*Supplied material:*
Content starts

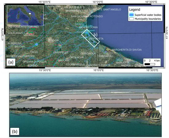 The coastal plain of Tavoliere delle Puglie: (a) geographic map of the coastal plain; (b) aerial photograph of the salt marshes located in the Zapponeta area with defenses built along the coast.
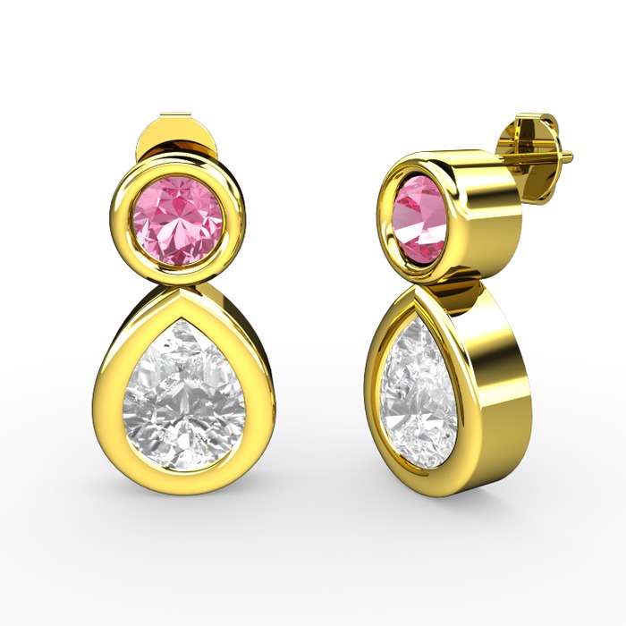 Beyaz zirkon ve pembe kuvars 925 ayar altın kaplama gümüş küpe
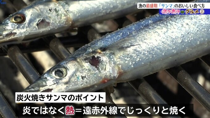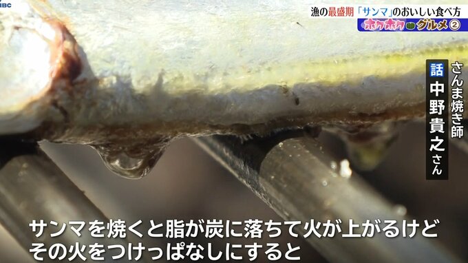 「サンマ焼いてるとサンマの脂が炭に落ちて火が上がるんですけれども、その火をつけっぱなしにしておきますとですね、サンマがただただ焦げるだけでよろしくないんでその火をこの持ってる水で消しながらその炭で起こる熱で焼いていくような感じです」

Content ends

*Exercise:* Exclude the pictures and give back the rest of the data above exactly as written.

*Task solution:*
 The coastal plain of Tavoliere delle Puglie: (a) geographic map of the coastal plain; (b) aerial photograph of the salt marshes located in the Zapponeta area with defenses built along the coast.
 Beyaz zirkon ve pembe kuvars 925 ayar altın kaplama gümüş küpe
 「サンマ焼いてるとサンマの脂が炭に落ちて火が上がるんですけれども、その火をつけっぱなしにしておきますとですね、サンマがただただ焦げるだけでよろしくないんでその火をこの持ってる水で消しながらその炭で起こる熱で焼いていくような感じです」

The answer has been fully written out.